Case Presentation: An 85-year-old female with a history of insulin-dependent diabetes, chronic kidney disease, and pemphigus vulgaris presented with four days of dyspnea and non-productive cough. History was significant for recent rituximab infusions and chronic prednisone therapy for pemphigus. On presentation to the ED, the patient was noted to be hypoxic to SpO2 84% on room air and required supplemental O2 of 4-6L via nasal canula. Inspiratory crackles were heard in the bilateral lower lung fields. Chest x-ray revealed ill-defined ground-glass opacities in the perihilar and basilar lungs. The patient received empiric treatment for community-acquired pneumonia (CAP) without improvement.Social history of prior bird ownership and persistent hypoxic respiratory failure despite CAP treatment raised suspicion for interstitial lung disease. High-resolution CT of the chest was performed and demonstrated indistinct ground-glass opacities with upper lobe predominance and areas of mosaic attenuation, raising concern for pneumocystis pneumonia (PJP). Empiric trimethoprim-sulfamethoxazole and high-dose prednisone for suspected PJP was initiated while awaiting confirmatory testing. Bronchoalveolar lavage (BAL) fungal panel initially returned positive for galactomannan antigen, and treatment was changed to liposomal amphotericin B for presumed aspergillosis or histoplasmosis. Two days later, BAL PCR analysis returned positive for Pneumocystis jirovecii, confirming diagnosis of PJP. Subsequent serum studies ruled out aspergillosis and histoplasmosis, and the BAL galactomannan result was deemed to be a false-positive. The patient was eventually discharged following resolution of hypoxia and cough on day 22 of admission to finish a 21-day course of PJP treatment.
Discussion: Pneumocystis jirovecii pneumonia has historically been associated with underlying HIV infection and CD4 cell counts < 200 cells/μL. However, improvements in anti-retroviral therapy and routine prophylaxis have led to decreased prevalence among HIV-positive individuals. Conversely, PJP incidence has risen among HIV-negative populations due to increased use of immunosuppressive agents for various conditions. Additionally, HIV-negative patients with PJP have a greater estimated mortality compared to HIV-positive patients (1,2).The reason for this discrepancy in illness severity is multifactorial. Firstly, the higher burden of organisms found in HIV-positive patients allows for easier identification of pneumocystis via microscopy. This, along with higher degree of clinical suspicion in HIV-positive patients, may prompt earlier diagnosis and treatment. Second, HIV-negative patients are found to have significantly higher levels of intra-alveolar neutrophilic infiltrates which correlate with more severe lung disease and lower arterial oxygen tension (3).
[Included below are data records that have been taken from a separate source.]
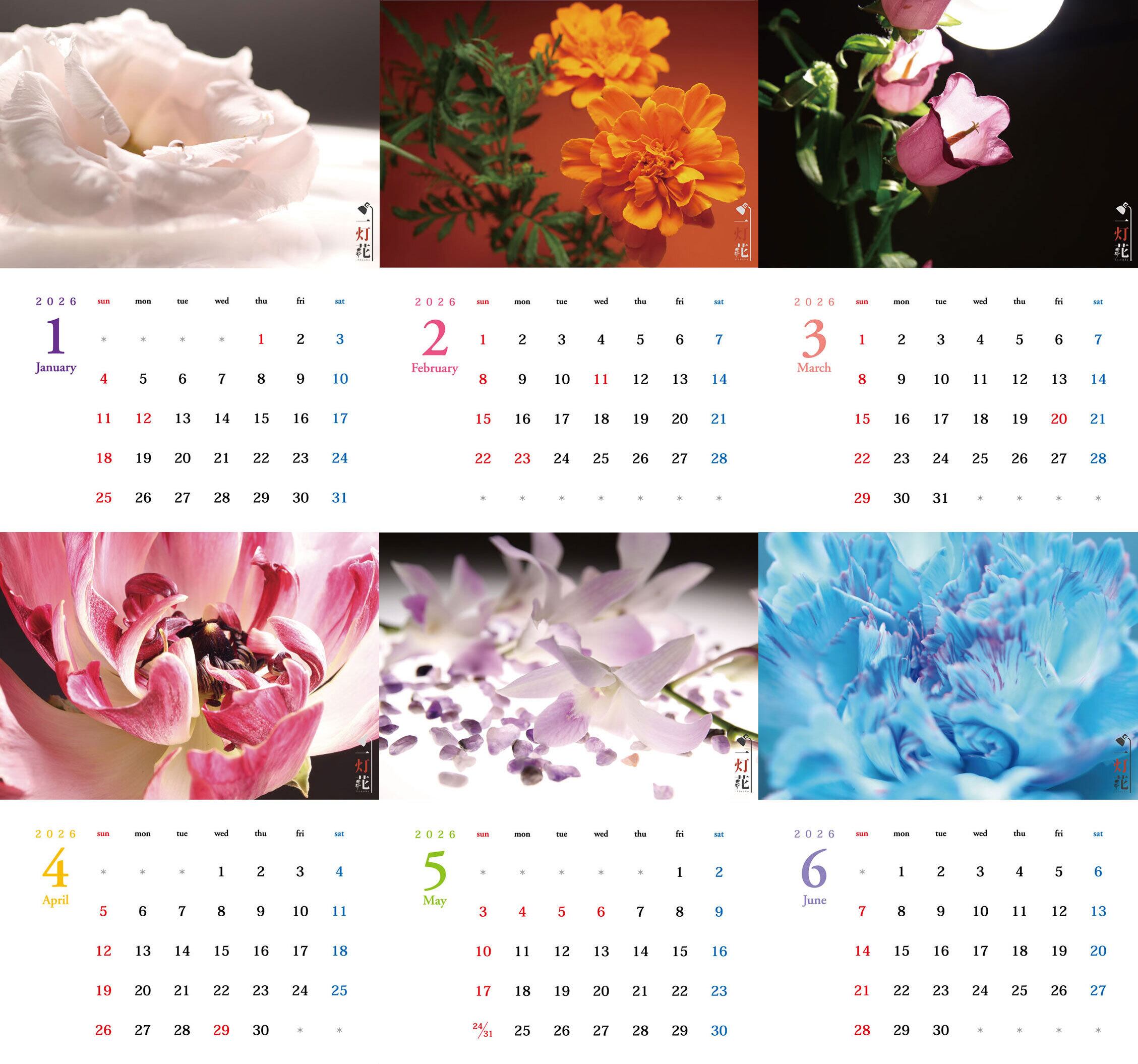 一灯花 2026壁掛けカレンダーBと2026卓上カレンダー、各一点ずつのセット商品となります
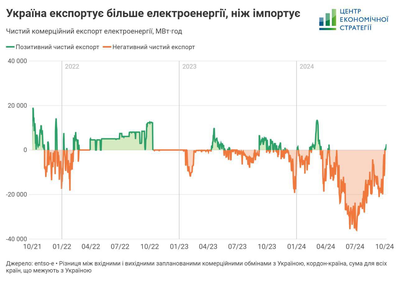 Украина впервые за полгода экспортирует больше электроэнергии, чем импортирует.
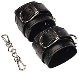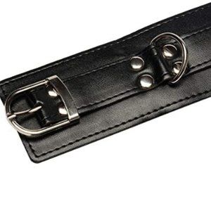NEW FAUX LEATHER BLACK COSPLAY HANDCUFF BRACELETS
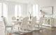 Add a touch of romance to your home with this dining room set. The painted finish and shapely silhouette are all about easy elegance. Turning the focus on the double sculptural pedestal base, this graceful table adds a dash of upscale luxury to the dining experience. The graceful chairs, with a cushioned back and seat and cabriole-shaped front legs, adds a dash of sophistication and upscale luxury to the dining experience. Wide server turns the spotlight on antiqued mirrored doors with overlay fretwork, concealing plenty of storage while adding a dash of sophistication and upscale luxury.
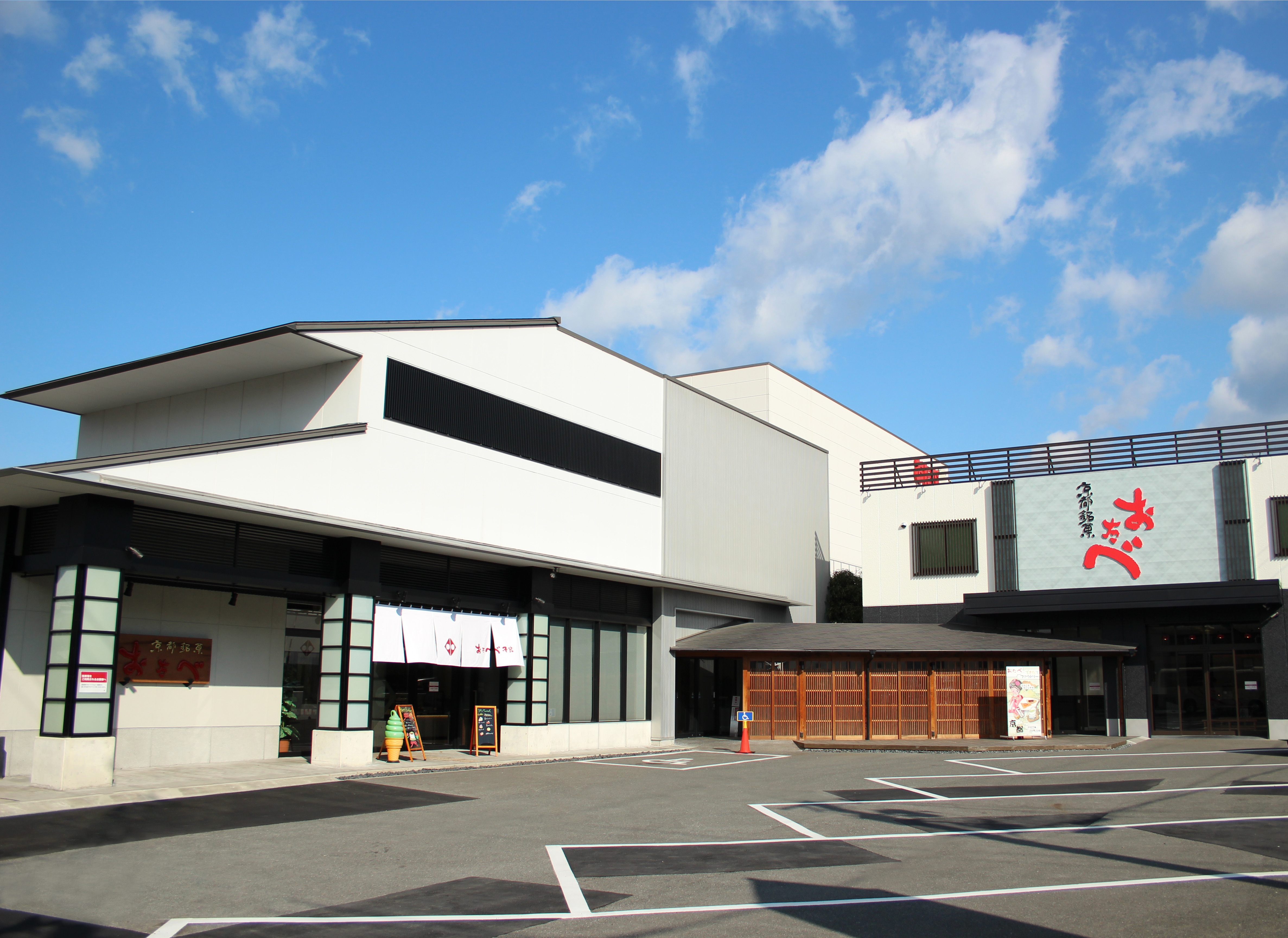 工場に加え「京ばあむ」や店舗限定スイーツの販売、カフェレストランを併設した複合施設です。

Conclusions: This case highlights the importance of maintaining a high suspicion for PJP in HIV-negative patients that may be immunocompromised from another condition or treatment. Prior exposure to prednisone and rituximab were important clinical clues as these immunosuppressants have been shown to increase susceptibility to PJP (4). Interestingly, anti-CD20 therapy alone has been shown to increase PJP risk in some cases (5). Given the presence of symptomatic hypoxia on presentation, and propensity for fulminant PJP in HIV-negative patients, empiric treatment prior to diagnostic confirmation was instrumental in averting a poor outcome in this case.